Сосуды для питья ашантиев, сделанные из человеческих черепов.
Иные наши сказки рассказывают о страшных существах. Когда мы слушаем в детстве такие сказки, нас охватывает страх, и мы искренно радуемся, что сказочного царства на самом деле нет.
Однако в сказке не все — выдумка, и многое из того, что кажется нам теперь в ней невероятным и неправдоподобным, существовало прежде в действительности у наших предков и существует еще и у теперешних дикарей.
Так обстоит дело и с теми страшными существами, которые кажутся нам теперь только созданиями богатой на всякие выдумки сказки. Баба-яга, которая любила полакомиться человечьим мясом, и людоед, от которого мальчик-с-пальчик едва успел спастись, — эти страшные люди наших сказок живы и здравствуют еще и поныне в диких странах (хотя, конечно, никакими волшебными свойствами они не обладают).

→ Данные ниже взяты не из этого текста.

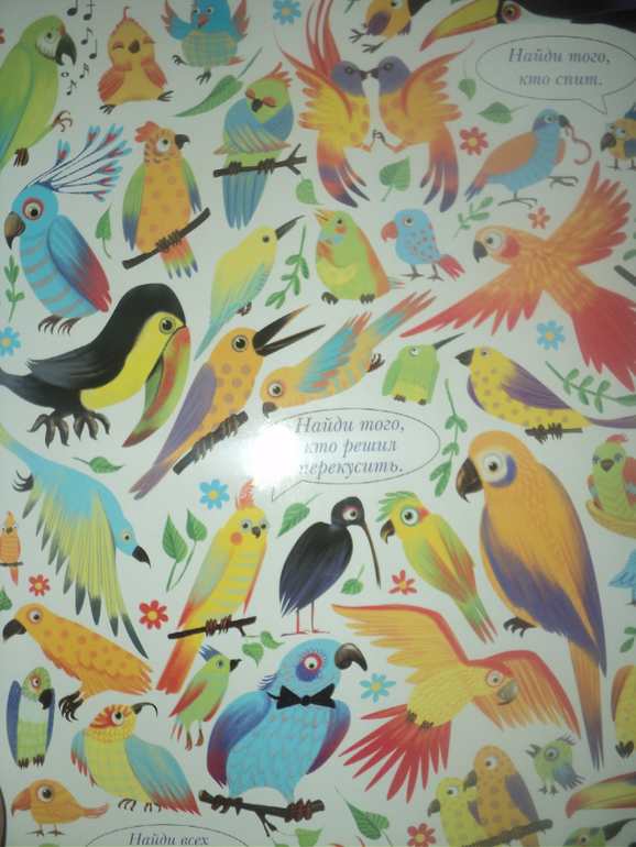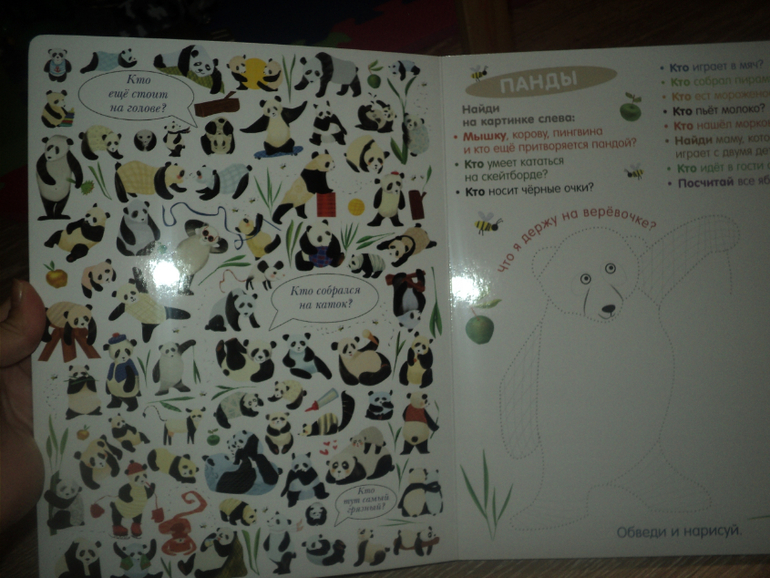 Находкой в "Детском мире" для меня стала книжка "Найди, покажи, дорисуй". Это система заданий на внимательность. На каждой страничке расположены животные , птицы, насекомые одной группы, но в разных деталях и лицах) Например, все панды или бабочки. И среди них нужно найти согласно заданиям самых маленьких, больших, лишних, в одежках и прочее. В книге даже можно рисовать водными фломастерами.

На далеком Тихом океане лежат острова Фиджи. Один путешественник был там однажды свидетелем такой сцены: туземец, по имени Лоти, отправился в поле сеять таро вместе со своей рабыней. По окончании работы он разложил костер и стал накалять на нем камни, чтобы с помощью их приготовить себе в вырытой яме обед. По приказанию своего господина, рабыня нарвала листьев и травы, чтобы разложить их в печке, и приготовила из ствола бамбука острый нож для разрезывания пищи. И когда она исполнила так все приказания, дикарь схватил несчастную рабыню, убил и съел ее, пригласив на этот пир еще нескольких друзей…
Разве наши сказки рассказывают более ужасные вещи?
Вилки для человеческого мяса с островов Фиджи.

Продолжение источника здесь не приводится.